The lack of information on who social media users are, and how they decide what to post online, can contribute to difficulty in confidently interpreting the content of social media posts. This is particularly an issue in cases where social media is used as “big data” with analysis of myriad posts from many individuals. A single social media platform can have many different uses for different individuals and populations [64]. For example, Twitter is used for professional networking and self-promotion, sharing news and information, or communicating conversationally with friends. Individuals may show biases in their behavior on social media depending on when in life they adopted its use [99,100,101] and whether their perceived audience is made up of friends, family, colleagues, potential employers, random strangers, or a combination of all of these. The meanings of specific terms (e.g., slang) and the tone of posts may depend on the identity of the user and their intended audience, which are often unknown. In addition, sarcasm and insincerity can be difficult to detect, especially when using algorithms to process data (e.g., for sentiment analysis [35]).

The major concern with using social media data for SES research is thus that either systematic biases or misinterpretation of data could lead to inaccurate conclusions about the social or environmental phenomena under investigation. A further issue is that it is generally not feasible to validate the data by asking follow-up questions or repeating a sample. Studies using social media data are often difficult to replicate because of constraints on data access and sharing. Some sites, such as Twitter, allow researchers to collect a small percentage of tweets in real time for free, but access to the full dataset or accessing past data usually requires payment to intermediary companies (e.g., Crimson Hexagon Data Library Platform, the sproutsocial platform, or sprinklr). Thus, different researchers could make the same query to retrieve data and return very different samples. Other sites, such as Facebook, have almost completely cut off access to data for researchers because of privacy concerns (although they have shared the data to companies that use it for political and economic means [102]). Restrictions on sharing data also reduce the replicability of data analysis.

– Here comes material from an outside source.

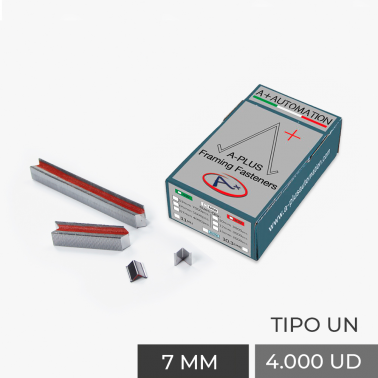 9971607MW A-PLUS STAPLE TYPE 10.3 (UNI) 7 mm SOFT WOOD (BOX 4,000 u) Width: 11mm Height: 7mm Collection COMPLEMENTOS Universal staples 10.3 mm wide and 7 mm high for soft wood. Box of 4,000 units.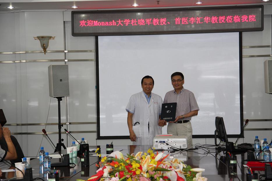 8月19日澳大利亚Monash大学医学部教授杜晓军博士及首都医科大学教育部心血管重塑相关疾病重点实验室副主任李汇华博士来我院进行学术交流活动。

Although the biases in social media data are important to recognize and take into account when designing studies and interpreting results, there are existing strategies to address some of the primary concerns with social media research [28]. With respect to SES research, we have identified three major categories of best practices, which we describe in the following subsections. Specifically, we describe the importance of selecting research questions which are appropriate for the data being collected (Section 5.1), engaging with theory (Section 5.2), and data validation (Section 5.3).

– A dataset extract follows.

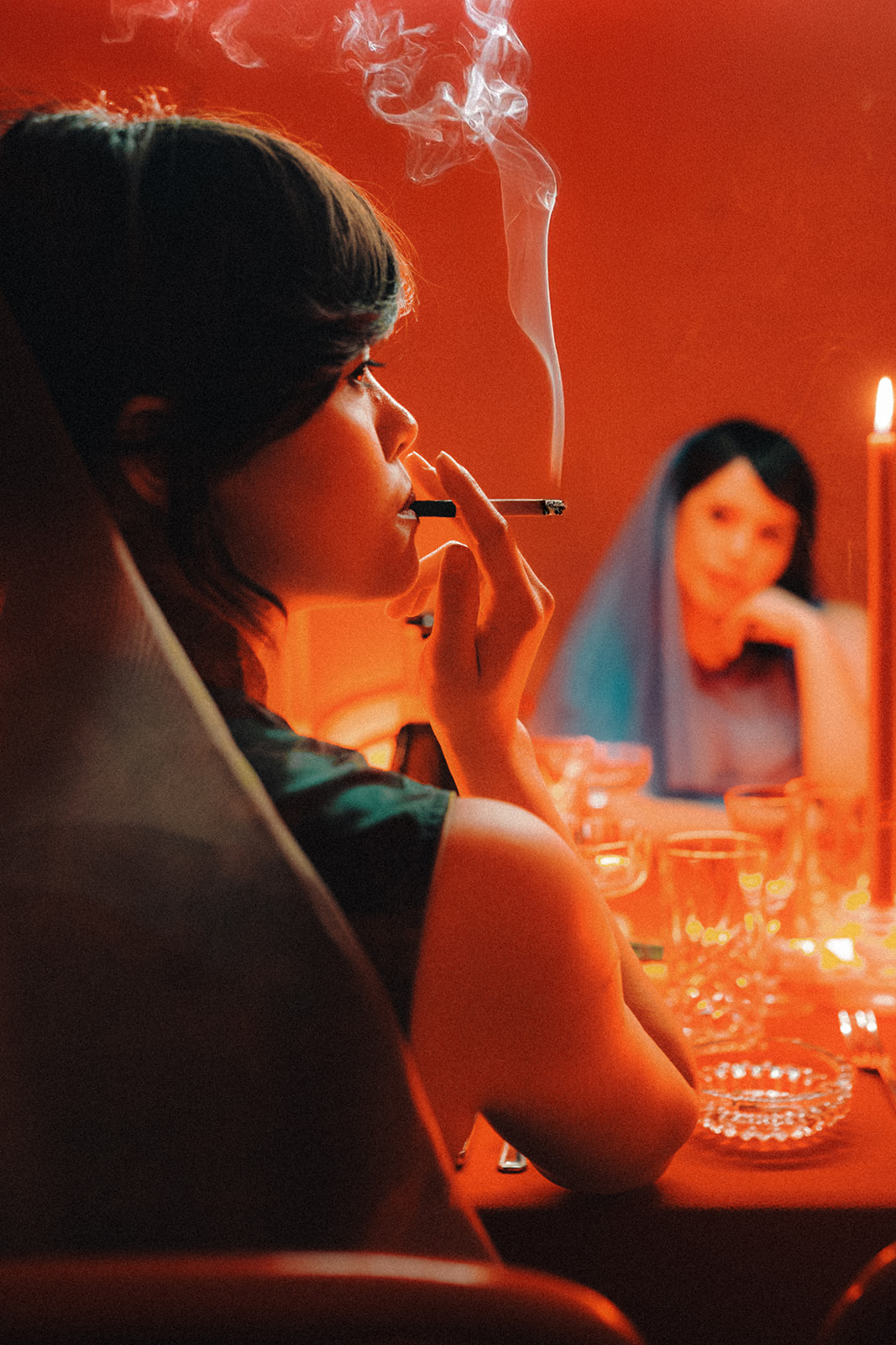 Set in 1960s Hong Kong, the film explores love, loss and forbidden desire. It’s recognisable for its use of lighting, particularly glowy warm amber moments and contrasting dark shadows – elements that feature heavily here.

5.1. Design Research Questions That Are Appropriate for the Available Data

As with any new data or modeling technique, one has to understand the limits of social media and how it is different from other data sources that were collected for a specific reason and from a specific population. The attributes of social media data that make them challenging to work with (i.e., biases in who uses different platforms, unknown bias in particular samples, and difficulties in interpretation, as described above) limit the set of questions that can be reasonably and confidently addressed with this data. For example, questions that require a representative sample of the population may not be appropriate for analysis with social media data (although there are some ways to account for bias; see Section 5.3). Identifying appropriate research questions up front is key to producing valid results.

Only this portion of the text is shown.